EXERCISE MATERIAL:

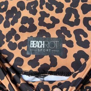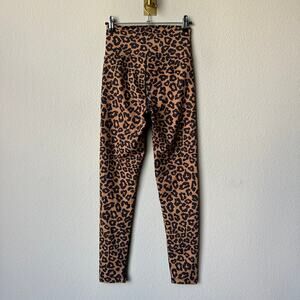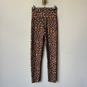Beach Riot 'Piper' tan and black leopard leggings. Full-length, high-rise active pant with 4-way stretch compression and moisture wicking fabric. Made in USA. Size tags has been removed, best fit a small - 12.5" waist (unstretched); 11" rise; 28" inseam.
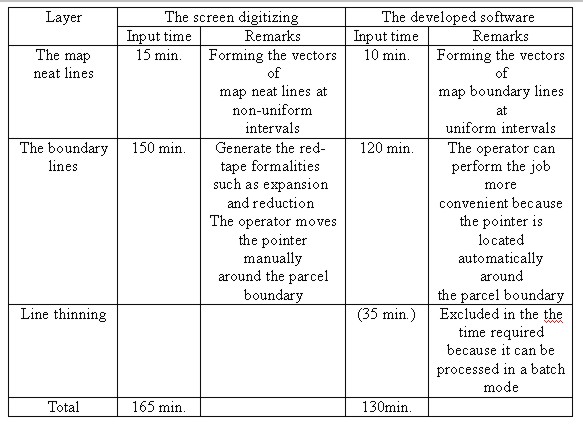 <Table 1> shows the result of the comparison. There were no differences in inputting layers of the map boundary lines. But, using the developed software we could input the map boundary lines at the same interval, and could input the map boundary lines effectively even if the map boundary lines were distorted. And, when inputting the layers of the boundary lines, we could save time(approximately 30 minutes) using the developed software. This means that the operator's charge could be reduced. because the pointer was located within less than 1-2 pixels from the center of the parcel boundary lines.
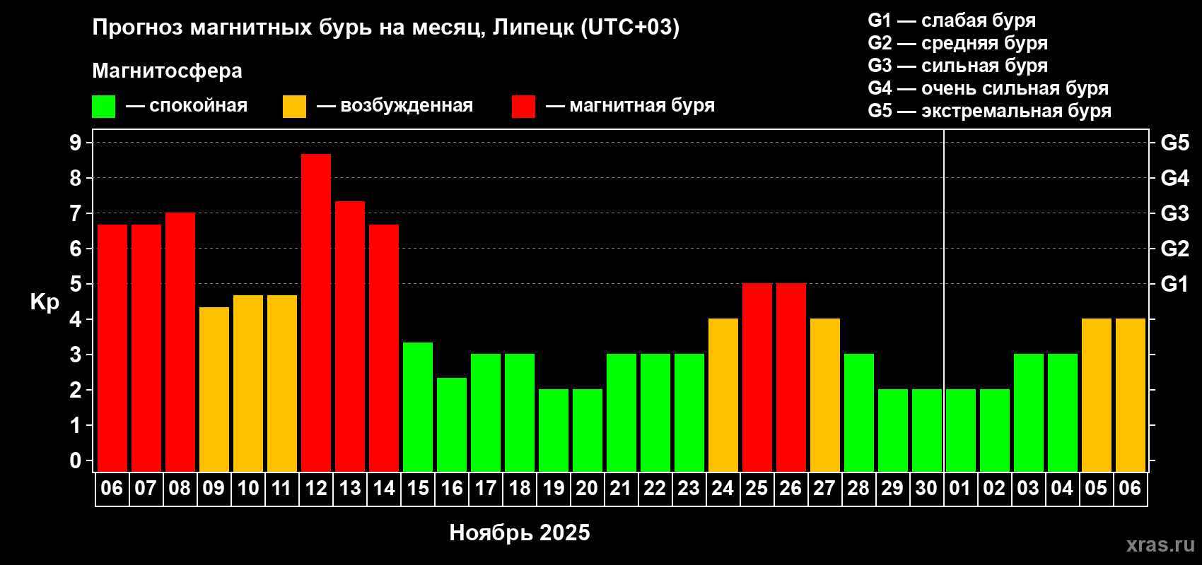 Прогноз магнитных бурь в Липецке — 6 ноября 2025 года
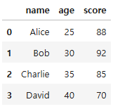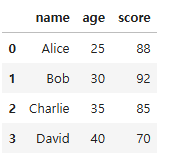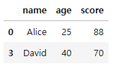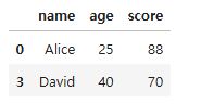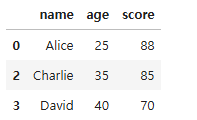df[(df['name'] == 'Alice') | (df['score'] < 80)]
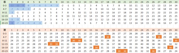 几年没玩了,回坑之后被狠狠地爆金币。想着以前玩的时候不明不白的,干脆扒一扒游戏的数据。鄙人愚钝,挖出来的数据与实测仍有差距(大概1~2℃),不敢妄议,仅将阶段性成果展示出来,抛砖引玉。世界温度由三者组成:当日在季节中所处的时间,当日时刻与当前天气。当日时刻的温度修正每四小时更新一次,每天循环,从零点开始为-7,-2,+2,+4,0,-4。天气修正为:晴天+2,多云0,雾-2,雨-4,风暴-
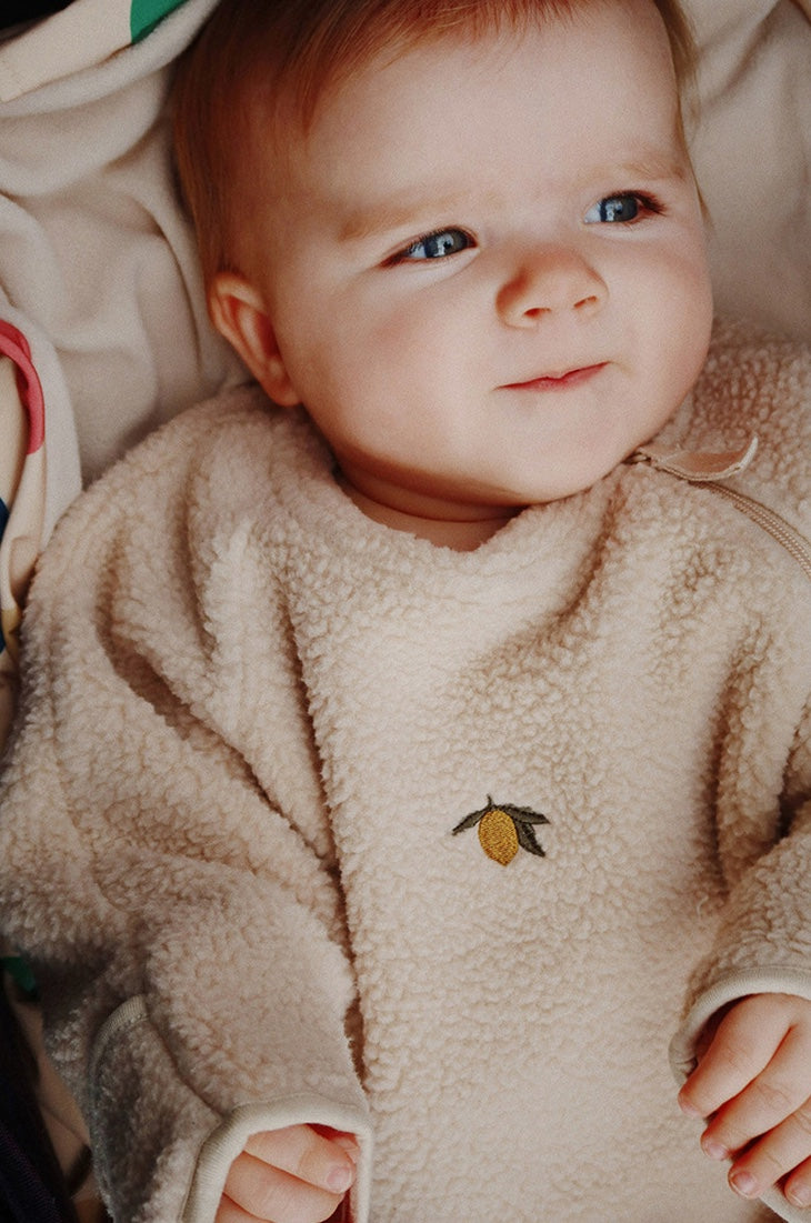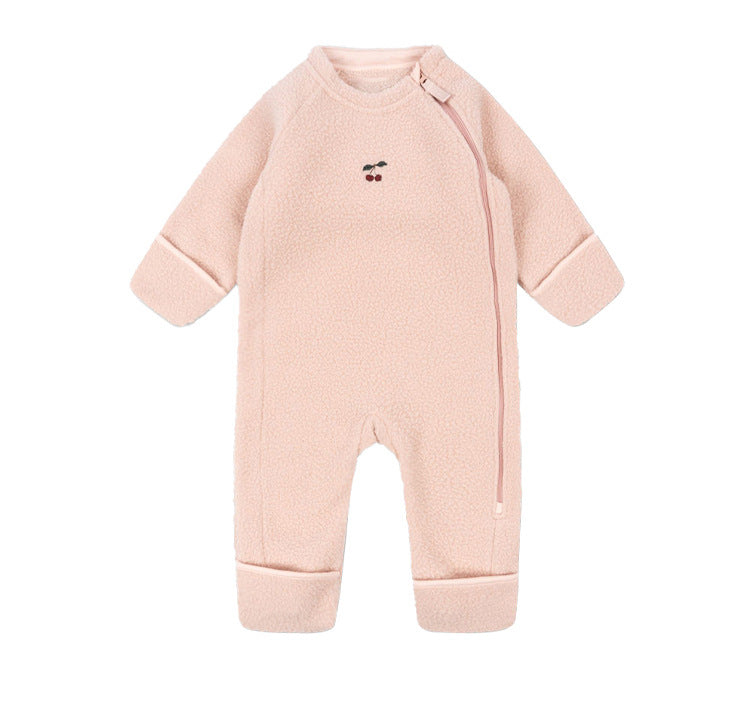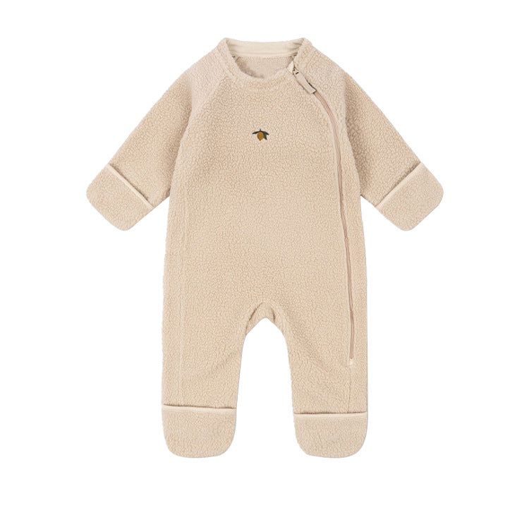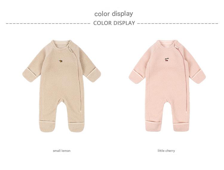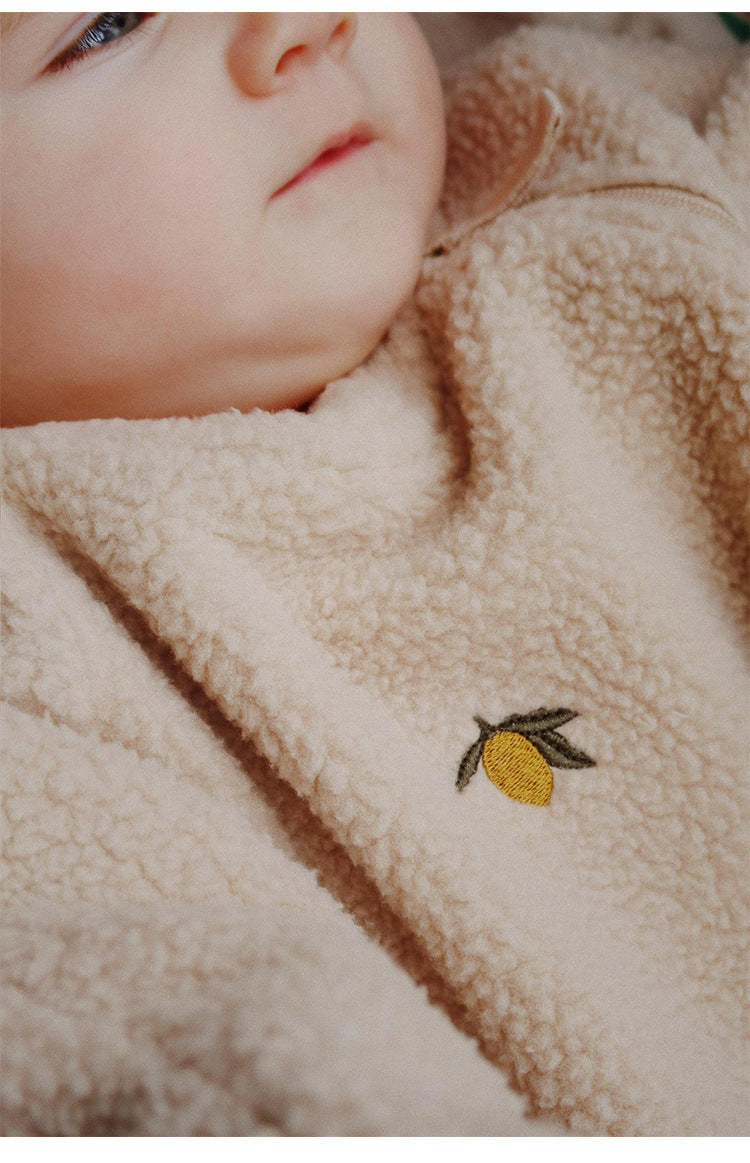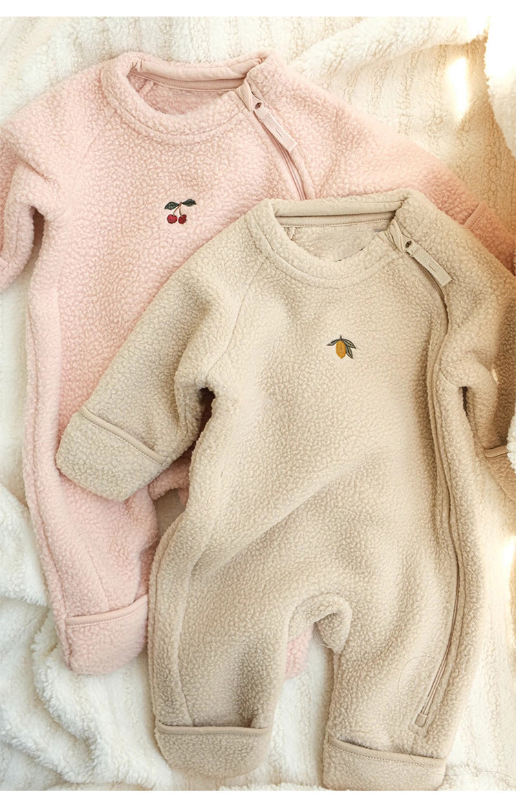 ふんわりとしたボアフリース素材に繊細な刺繍を施した、おしゃれなアウタージャンプスーツ。ジップアップデザインで着脱もスムーズなこのベビー服は、ベビーを寒さから守る全身の防寒着として活躍します。足先まで包み込むフリースラップは、暖かさを逃さず、寒い季節のお出かけに最適。温もりとデザイン性を兼ね備えたベビー用のクロールウェアとして、デイリーの装いに上質な心地よさと愛らしさをプラスするロンパースです。
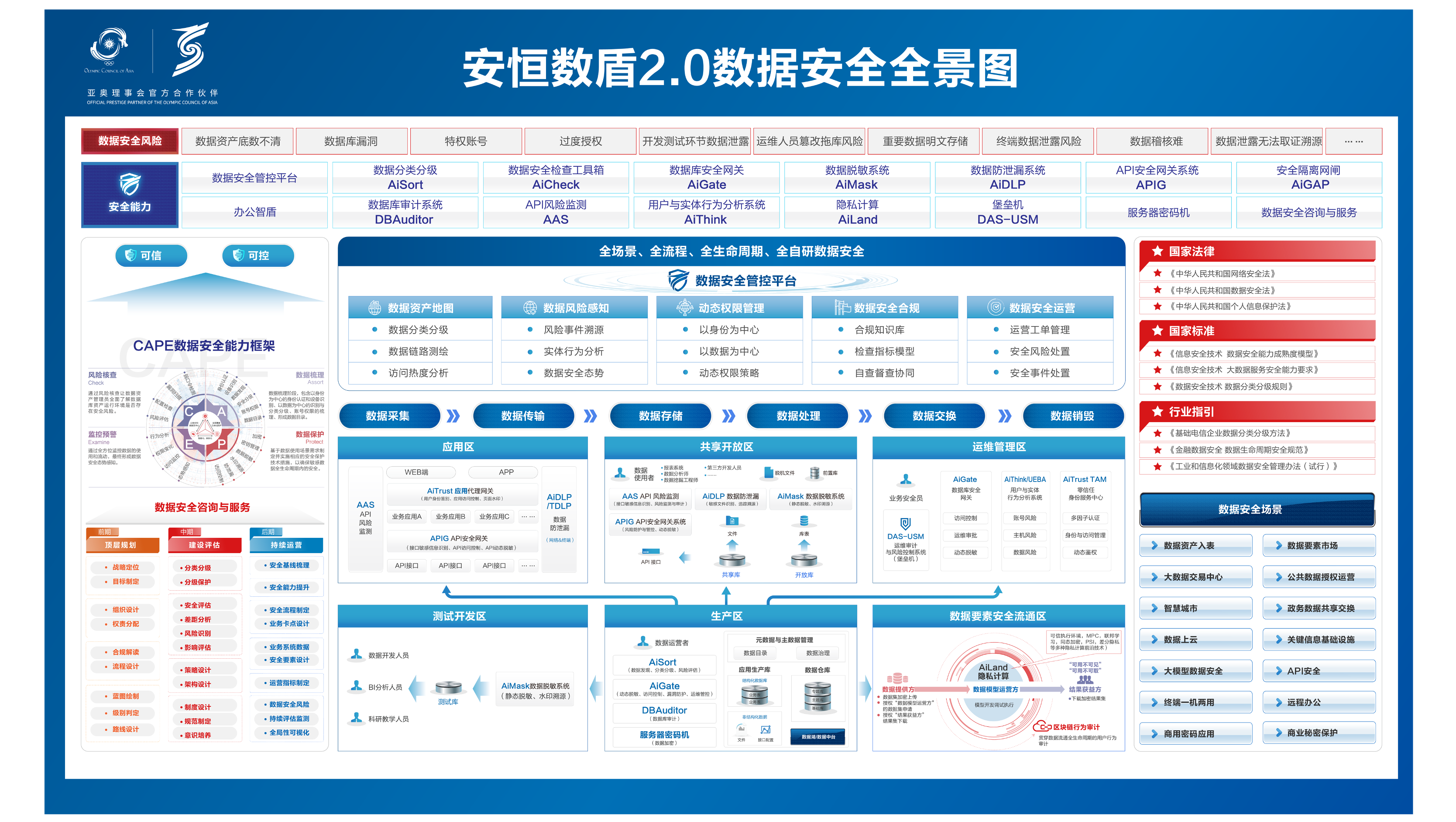 立体化防护体系:通过组织、制度、场景、技术、人员等自上而下的落实来构建立体化的数据安全防护体系。 -
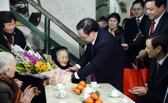 Trong ngày nhậm chức (5/2, tức 27 tháng Chạp), Ủy viên Bộ Chính trị - Bí thư Thành ủy Hoàng Trung Hải chúc tết Mẹ Việt Nam Anh hùng Trần Thị Lạc sinh năm 1918, ở 73 Phủ Doãn (quận Hoàn Kiếm), có 2 con là liệt sĩ, 1 con là thương binh (Ảnh: Kinh tế đô thị)
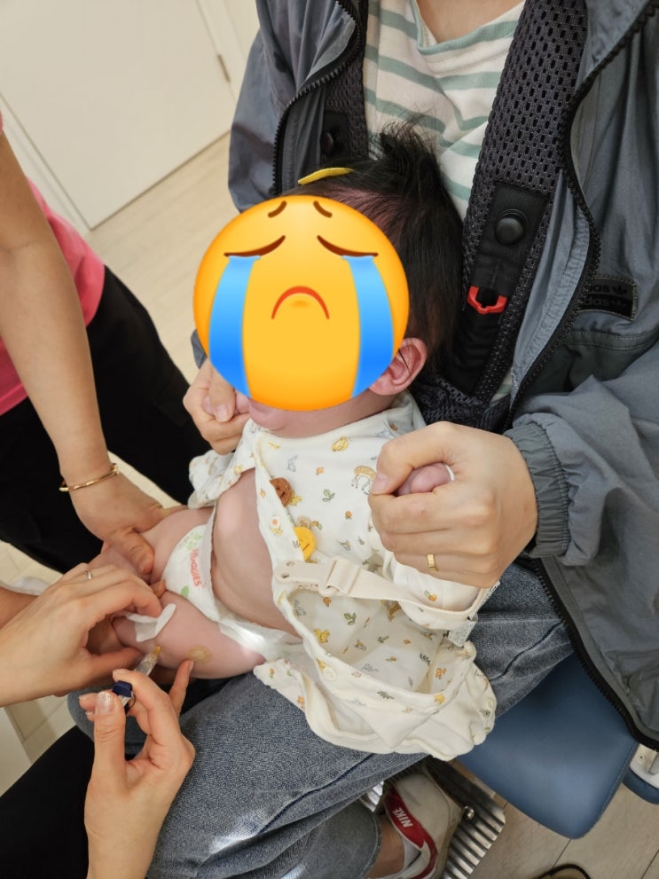 6개월 접종하러 아침부터 소아과 갔다가... 양 허벅지에 주사를 3방! ㅠㅠ 4개월 접종 때도 열이났었던 꼬...
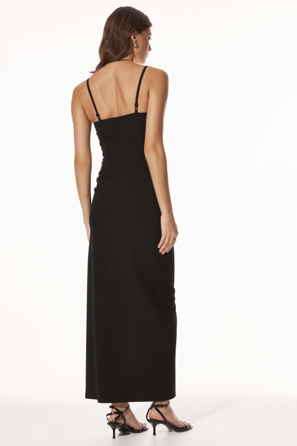 Платье-футляр из костюмной поливискозы. Модель прилегающего силуэта на тонких регулируемых бретелях. Декоративные чашечки по груди. Застежка по спинке на потайную молнию. По переду разрез.
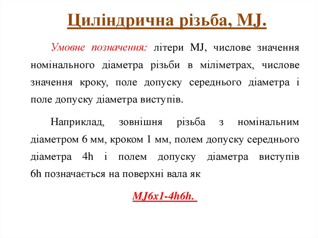 Умовне позначення: літери MJ, числове значенняномінального діаметра різьби в міліметрах, числове
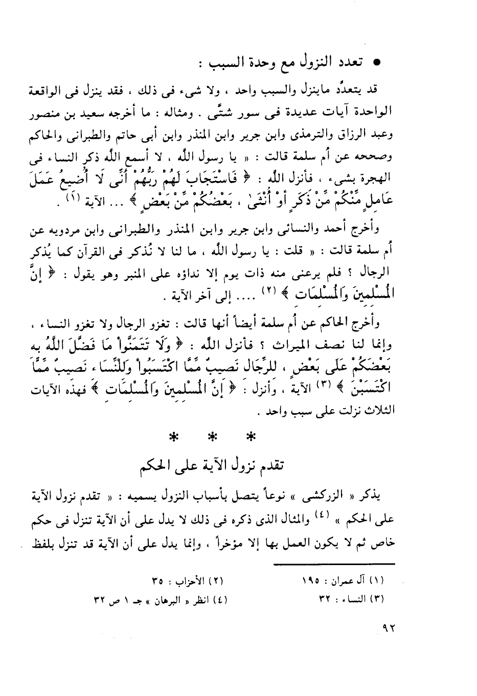 قد يتعدد ما ينزل والسبب واحد، ولا شيء في ذلك، فقد ينزل في الواقعة الواحدة آيات عديدة في سور شتى. ومثاله: ما أخرجه سعيد بن منصور وعبد الرزاق والترمذي وابن جرير وابن المنذر وابن أبي حاتم والطبراني والحاكم وصححه عن أم سلمة قالت: "يا رسول الله، لا أسمع الله ذكر النساء في الهجرة بشيء، فأنزل الله: {فَاسْتَجَابَ لَهُمْ رَبُّهُمْ أَنِّي لا أُضِيعُ عَمَلَ عَامِلٍ مِنْكُمْ مِنْ ذَكَرٍ أَوْ أُنْثَى بَعْضُكُمْ مِنْ بَعْضٍ} ... الآية1.
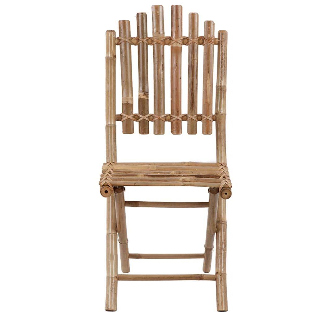 Fabricat din bambus masiv, scaunul de exterior este robust și durabil. Este, de asemenea, rezistent la intemperii, impermeabil și ușor de curățat cu o cârpă umedă. Scaunul de masă este pliabil, pentru a economisi spațiu de depozitare, atunci când nu este utilizat. Mai mult, pernele incluse oferă un plus de confort în timpul relaxării. Este fabricat din 100% poliester, ceea ce îl face rezistent și durabil, potrivit pentru utilizare în exterior. Fiecare pernă are două seturi de șireturi, pentru o fixare mai bună pe scaun.

GOAL OF THE EXERCISE: Return exactly the lines of the material above, starting at the line containing "Trong ngày nhậm" and finishing at the line containing "Платье-футляр из костюмной", without any pictures.

OUTPUT BELOW:
 Trong ngày nhậm chức (5/2, tức 27 tháng Chạp), Ủy viên Bộ Chính trị - Bí thư Thành ủy Hoàng Trung Hải chúc tết Mẹ Việt Nam Anh hùng Trần Thị Lạc sinh năm 1918, ở 73 Phủ Doãn (quận Hoàn Kiếm), có 2 con là liệt sĩ, 1 con là thương binh (Ảnh: Kinh tế đô thị)
 6개월 접종하러 아침부터 소아과 갔다가... 양 허벅지에 주사를 3방! ㅠㅠ 4개월 접종 때도 열이났었던 꼬...
 Платье-футляр из костюмной поливискозы. Модель прилегающего силуэта на тонких регулируемых бретелях. Декоративные чашечки по груди. Застежка по спинке на потайную молнию. По переду разрез.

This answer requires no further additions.